ABOUT THIS TASK » Set every line of the data down again exactly, and keep the pictures out.

SOURCE DATA »
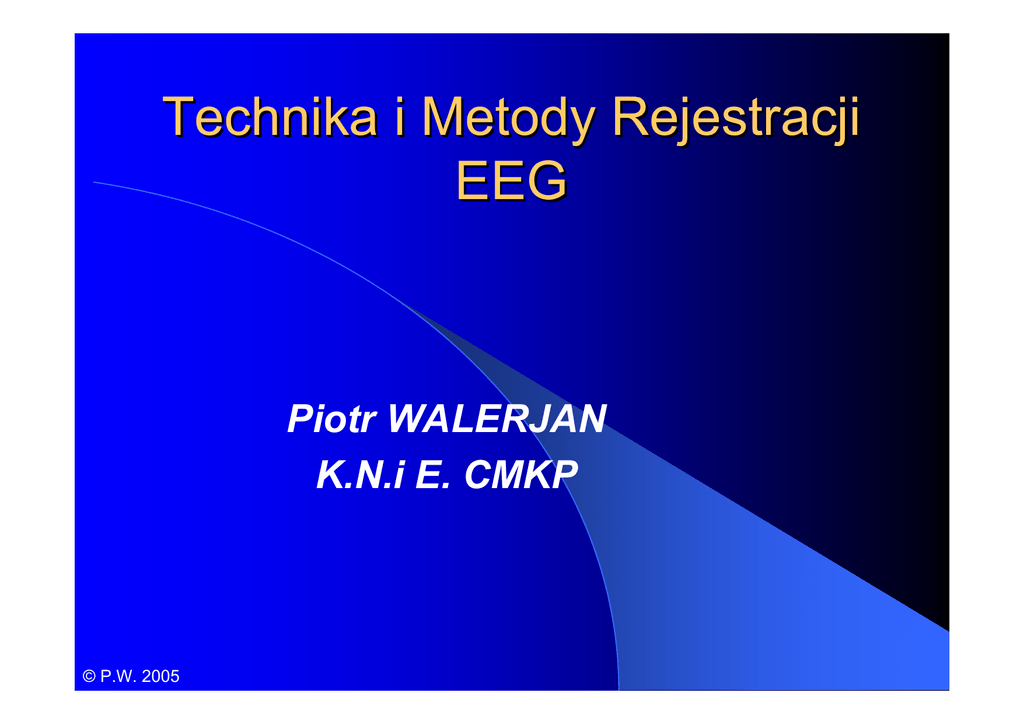 Technika i Metody Rejestracji EEG Piotr WALERJAN K.N.i E. CMKP © P.W. 2005 Parametry sygnału EEG z Mała amplituda sygnału – rzędu dziesiątek µV z Oporność elektrod – kilka kΩ z Konieczność © P.W. 2005 wzmocnienia sygnału! Wzmacniacz różnicowy z teoretycznie nieskończone wzmocnienie z teoretycznie nieskończona oporność z teoretycznie brak wzmocnienia sygnału wspólnego Sygnał wyjściowy = (V+-V-)*k © P.W. 2005 © P.W. 2005 Odprowadzenie monopolarne - jednobiegunowe Brak miejsca o potencjale ZERO! © P.W. 2005 Odprowadzenie bipolarne dwubiegunowe © P.W. 2005 Montaże 1 © P.W. 2005 Montaże 2 © P.W. 2005 Montaże 3 © P.W. 2005 Montaże 4 © P.W. 2005 Opozycja faz 1 © P.W. 2005 Źródło wyładowań ognisko Opozycja faz 2 Opozycja faz w zapisie © P.W. 2005 Opozycja faz 3 Opozycja faz w zapisie © P.W. 2005 Opozycja faz 4 © P.W. 2005 Opozycja faz Filtry – widmo mocy sygnału © P.W. 2005 Filtry 1 © P.W. 2005 Filtry 2 © P.W. 2005 Filtry 3 © P.W. 2005 Filtry 4 © P.W. 2005 Artefakty 1 © P.W. 2005 Artefakty 2 © P.W. 2005 Artefakty 3 © P.W. 2005 Elektrody z z z Miseczkowe Grzybkowe Czepki z elektrodami z z © P.W. 2005 Srebrne, chlorkowane Złote
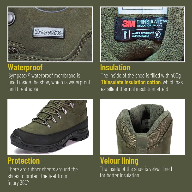 These Sympatex Waterproof Insulation Thinsulate Hunting Boots are available for customization in colors, materials, and details, with MOQ of 800 pairs, ideal for brand collaborations and group procurement. And these hunting boots have following advantages:
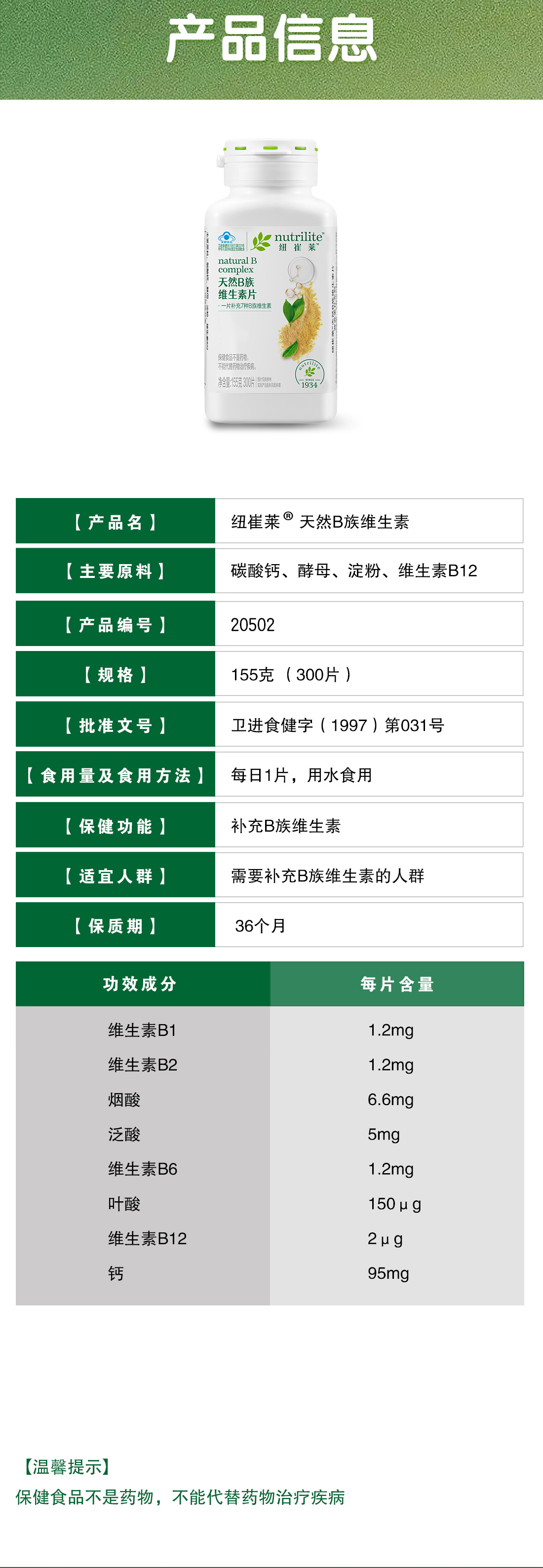 安利纽崔莱®天然B族维生素片300片 7种B族维生素

YOUR SOLUTION »
 Technika i Metody Rejestracji EEG Piotr WALERJAN K.N.i E. CMKP © P.W. 2005 Parametry sygnału EEG z Mała amplituda sygnału – rzędu dziesiątek µV z Oporność elektrod – kilka kΩ z Konieczność © P.W. 2005 wzmocnienia sygnału! Wzmacniacz różnicowy z teoretycznie nieskończone wzmocnienie z teoretycznie nieskończona oporność z teoretycznie brak wzmocnienia sygnału wspólnego Sygnał wyjściowy = (V+-V-)*k © P.W. 2005 © P.W. 2005 Odprowadzenie monopolarne - jednobiegunowe Brak miejsca o potencjale ZERO! © P.W. 2005 Odprowadzenie bipolarne dwubiegunowe © P.W. 2005 Montaże 1 © P.W. 2005 Montaże 2 © P.W. 2005 Montaże 3 © P.W. 2005 Montaże 4 © P.W. 2005 Opozycja faz 1 © P.W. 2005 Źródło wyładowań ognisko Opozycja faz 2 Opozycja faz w zapisie © P.W. 2005 Opozycja faz 3 Opozycja faz w zapisie © P.W. 2005 Opozycja faz 4 © P.W. 2005 Opozycja faz Filtry – widmo mocy sygnału © P.W. 2005 Filtry 1 © P.W. 2005 Filtry 2 © P.W. 2005 Filtry 3 © P.W. 2005 Filtry 4 © P.W. 2005 Artefakty 1 © P.W. 2005 Artefakty 2 © P.W. 2005 Artefakty 3 © P.W. 2005 Elektrody z z z Miseczkowe Grzybkowe Czepki z elektrodami z z © P.W. 2005 Srebrne, chlorkowane Złote
 These Sympatex Waterproof Insulation Thinsulate Hunting Boots are available for customization in colors, materials, and details, with MOQ of 800 pairs, ideal for brand collaborations and group procurement. And these hunting boots have following advantages:
 安利纽崔莱®天然B族维生素片300片 7种B族维生素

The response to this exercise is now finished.